Quebec's Salamina marks 40 years in business
Laval, Que. – Salamina is celebrating 40 years in business in the Canadian restaurant industry. The Laval, Que.-based company, which supplies meat toppings, is focused on steady growth and the manufacture of quality products.
The company was founded by Sotiris Antypas in downtown Montreal on May 13, 1977. In the early years, pepperoni was the focus, but later on the company branched out into Italian and Greek sauces, a full line of pizza toppings that includes bacon, ham and sausage, as well as porchetta and capicolla.
They make fully cooked meat products, cooked and raw sausages, as well as a select line of deli meats both for the retail and the foodservice industries.
Giovanni Frassetti joined as a director and partner in 1997.
In 2005, the company moved to a modernized location in Laval. ""We needed a more modern facility to meet customer demand and match the company's growth, said Bruno Garofalo, sales director, who has been with Salamina since 2013. The new facility, which is three times the size of the original, can accommodate the larger volumes they expect.
The entire plant is gluten-free, MSG-free, lactose-free, nut-free, and peanut-free, Garofalo said. The goal is to keep up with Health Canada's ever-changing list of known allergens.
The trend is to have as clean a label as possible, he adds. For the company, that means eliminating allergens and using ingredients that are as natural as possible.
The two have seen many changes in the Canadian pizza landscape over the years. They agree the focus should be on quality. Garofalo says, "There is still a lot of good volume and the industry is growing." The pizza industry should be increasing the quality of its ingredients to keep the bar high and give themselves a point of differentiation.
The company has a focus on Quebec and eastern Ontario and is looking to expand business in Ontario and, in time, in the west. They do some business in Calgary already and will look to supply Vancouver and the rest of western Canada as well.
"Growth is great but measured and timely growth is best," Garofalo said. The main goal, added Antypas, is to give a good product of high quality.

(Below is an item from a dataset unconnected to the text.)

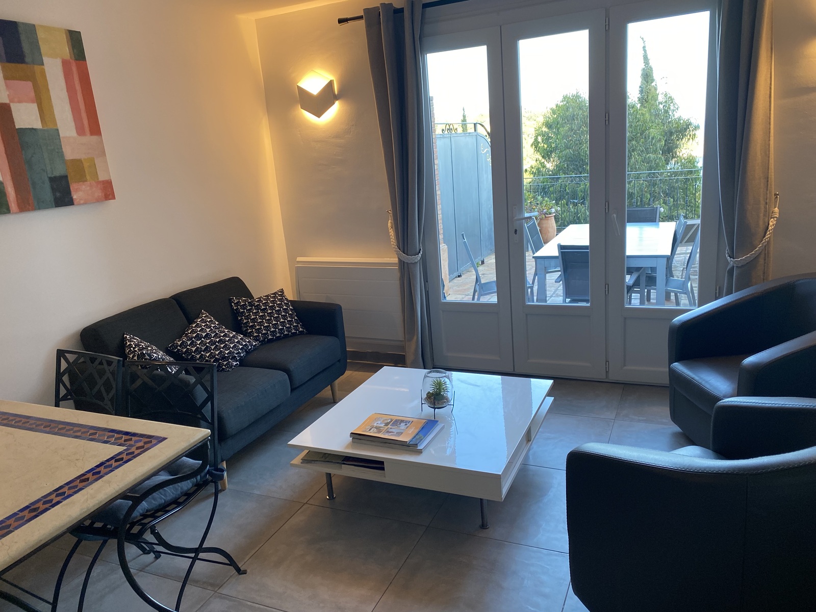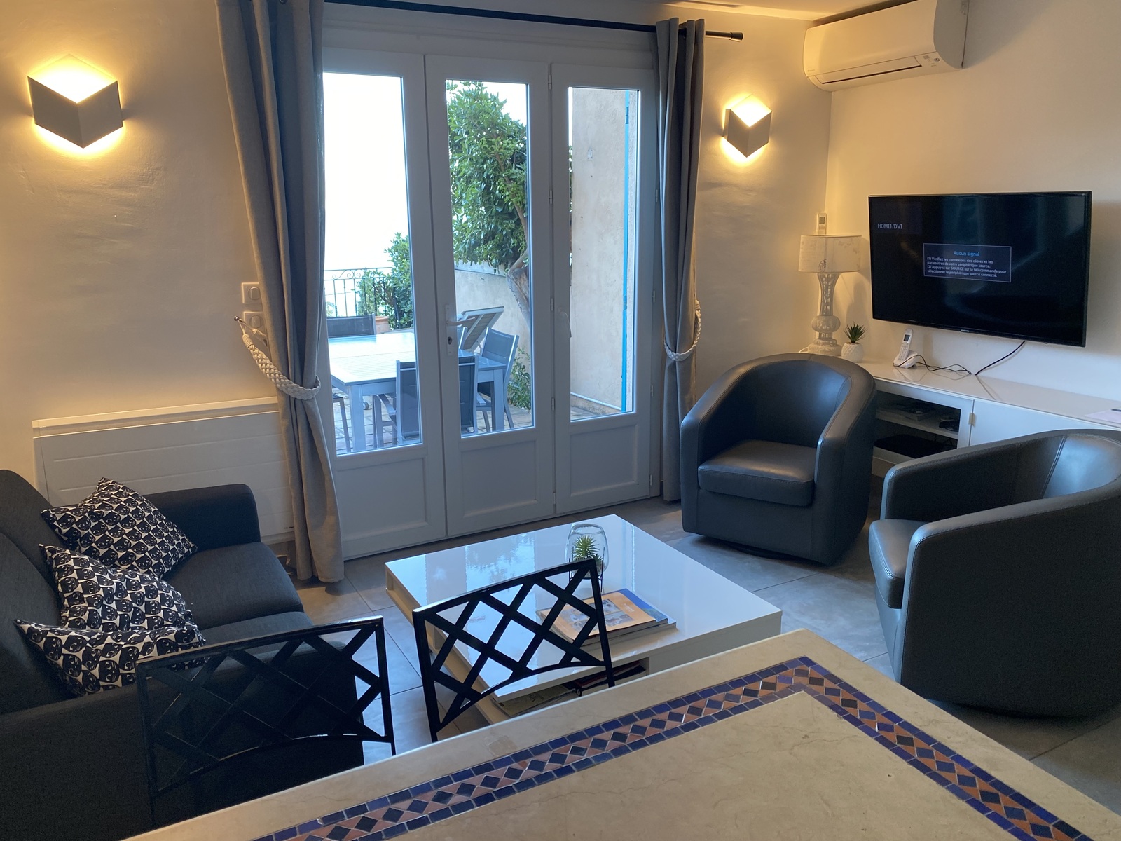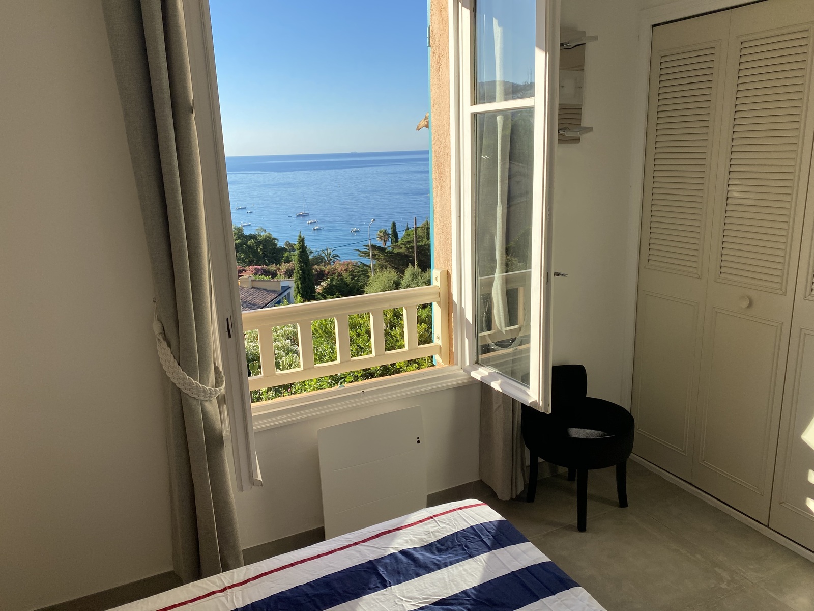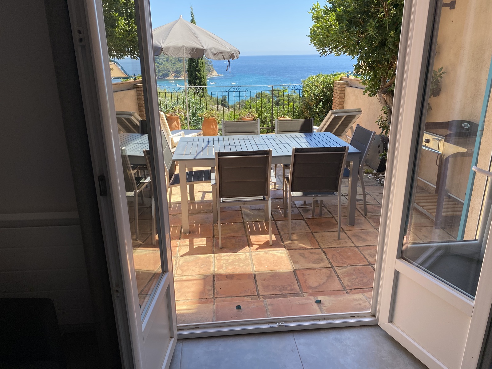 Villa bien équipée, agréable avec sa jolie terrasse à 250 m de la plage du Canadel, nichée dans une copropriété , fermée comportant 5 villas, accès par des escaliers, maison de bon standing mitoyen et sans vis à vis, avec une vue exceptionnelle sur la mer, la baie de Canadel et les îles d'or depuis la terrasse et la chambre 1, accès à la plage par des escaliers puis en traversant la route côtière. Situé entre St Tropez(25km) et Lavandou (10km) au cœur du golf, au pied de la corniche des Maures, à 2km des commerces du village du Rayol. La propriété possède un garage pour rangements ou pour une voiture moyenne de moins de 4,50 mètres, les 3 places de parking intérieur ne sont pas privatives , on ne peut pas laisser en permanence la voiture dans la cour intérieure ( que ponctuellement pour décharger ou utilisation en fonction des besoins du moment de la demande ) On peut se garer sans problème Avenue de la corniche le long de la copropriété.Située dans le Var au Rayol - Canadel -sur -Mer dans le Var vous passerez de superbes vacances au bord de la mer et profiterez d'une vue à couper le souffle sur la Méditerranée et le littoral varois rocheux.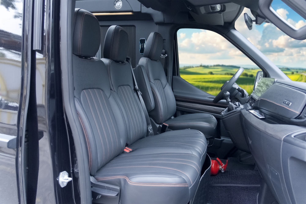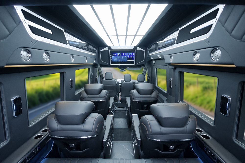Hai ghế đầu khoang khách có khả năng xoay 180 độ, tạo nên không gian tương tác linh hoạt, riêng tư và sang trọng, lý tưởng cho các hành trình đón tiếp khách VIP hoặc phục vụ nhu cầu cá nhân hóa trải nghiệm

As for the day-to-day work, a love of the business keeps them happy. "I still feel young when I work. I still love what I'm doing," Antypas said.
Garofalo agreed. "We enjoy what we do: we work well, we play well. And we put positive pressure on ourselves to be the best we can."
"We want to thank all our customers for supporting and believing in our ability to supply good product," he said.
When pressed, they mentioned one longtime client who has been with them since 1977: Tasty Food on Décarie Boulevard in Montreal. "They've been with us from the beginning," Garofalo said.
Canadian Pizza wishes to clarify that Salamina of Laval, Que., a federal plant and HACCP-certified manufacturer of meat toppings, is currently working toward GFSI certification. The company is not yet GFSI-certified, as was earlier reported.